Question

In a photoelectric experiment ultraviolet light of wavelength 280 nm is used with lithium cathode having work function $\phi = 2.5$ eV. If the wavelength of incident light is switched to 400 nm, find out the change in the stopping potential. ($h=6.63 \times 10^{-34}$ Js, $c=3 \times 10^8$ $ms^{-1}$)

• A. 1.3 V
• B. 1.9 V
• C. 0.6 V
• D. 1.1 V

Hint:

Using $hc = 1240$ or $1242$ eV$\cdot$nm is much faster than multiplying individual constants in SI units and then converting.

Answer 1

The Correct Option is A

Step 1: Understanding the Concept:
Einstein's photoelectric equation relates incident energy, work function, and stopping potential.
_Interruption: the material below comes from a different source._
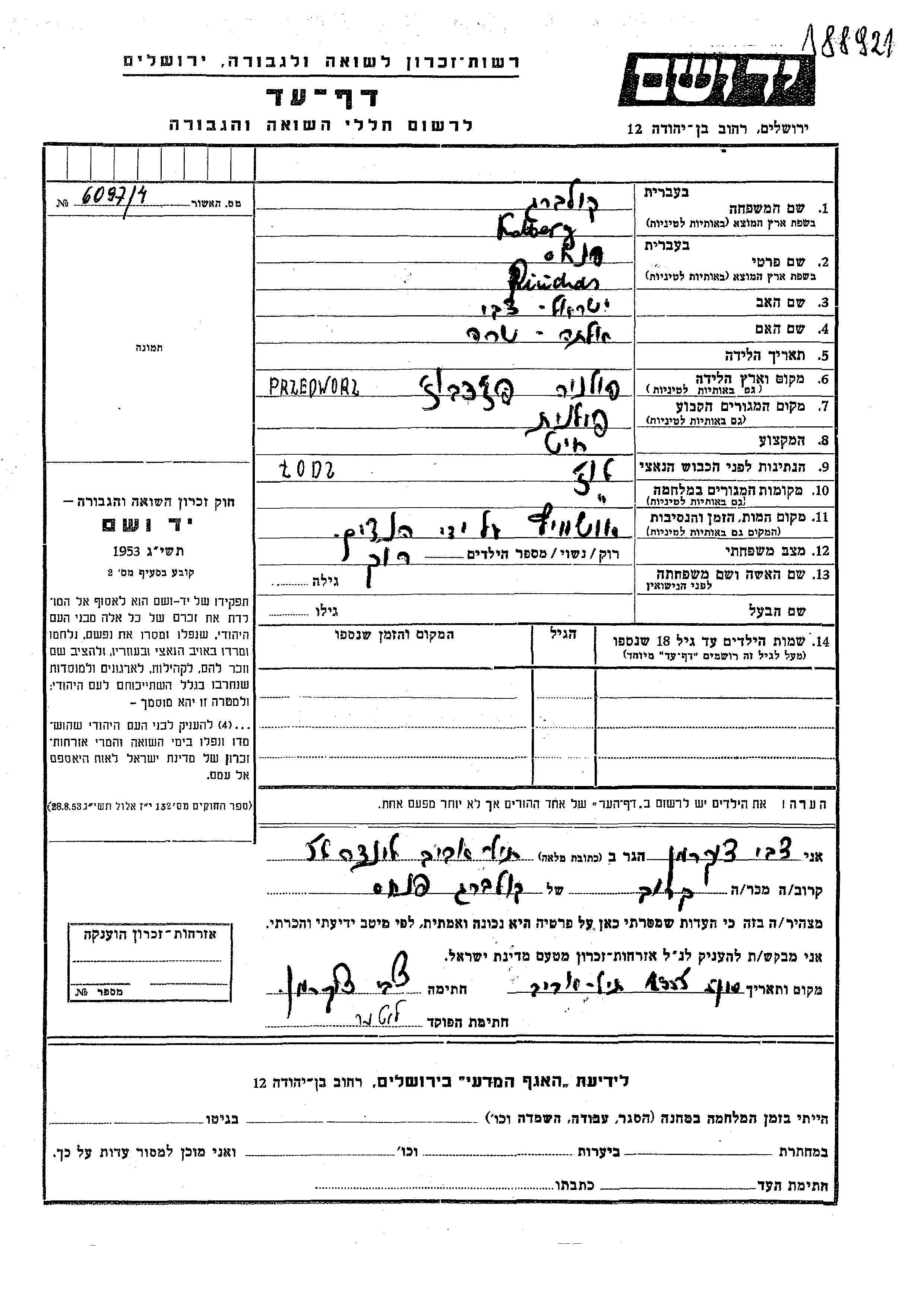 Pinchas Kolberg wurde in Przedworz, Polen geboren. Er war der Sohn von Yisrael Tzvi und Alte Sara. Er war Schneider und Ledig. Vor dem Zweiten Weltkrieg lebte er in Lodz, Polen. Während des Krieges war er in Lodz, Polen.

Changing the wavelength changes the incident energy, thereby changing the stopping potential.
Step 2: Key Formula or Approach:
\[ eV_s = \frac{hc}{\lambda} - \phi \]
where \(hc \approx 1240 \text{ eV}\cdot\text{nm}\).
Step 3: Detailed Explanation:
1. For \(\lambda_1 = 280 \text{ nm}\):
\[ E_1 = \frac{1240}{280} \text{ eV} \approx 4.43 \text{ eV} \]
\[ eV_{s1} = 4.43 - 2.5 = 1.93 \text{ eV} \implies V_{s1} = 1.93 \text{ V} \]
2. For \(\lambda_2 = 400 \text{ nm}\):
\[ E_2 = \frac{1240}{400} \text{ eV} = 3.10 \text{ eV} \]
\[ eV_{s2} = 3.10 - 2.5 = 0.60 \text{ eV} \implies V_{s2} = 0.60 \text{ V} \]
3. Change in stopping potential:
\[ \Delta V_s = 1.93 - 0.60 = 1.33 \text{ V} \approx 1.3 \text{ V} \]
Step 4: Final Answer:
The change in stopping potential is 1.3 V.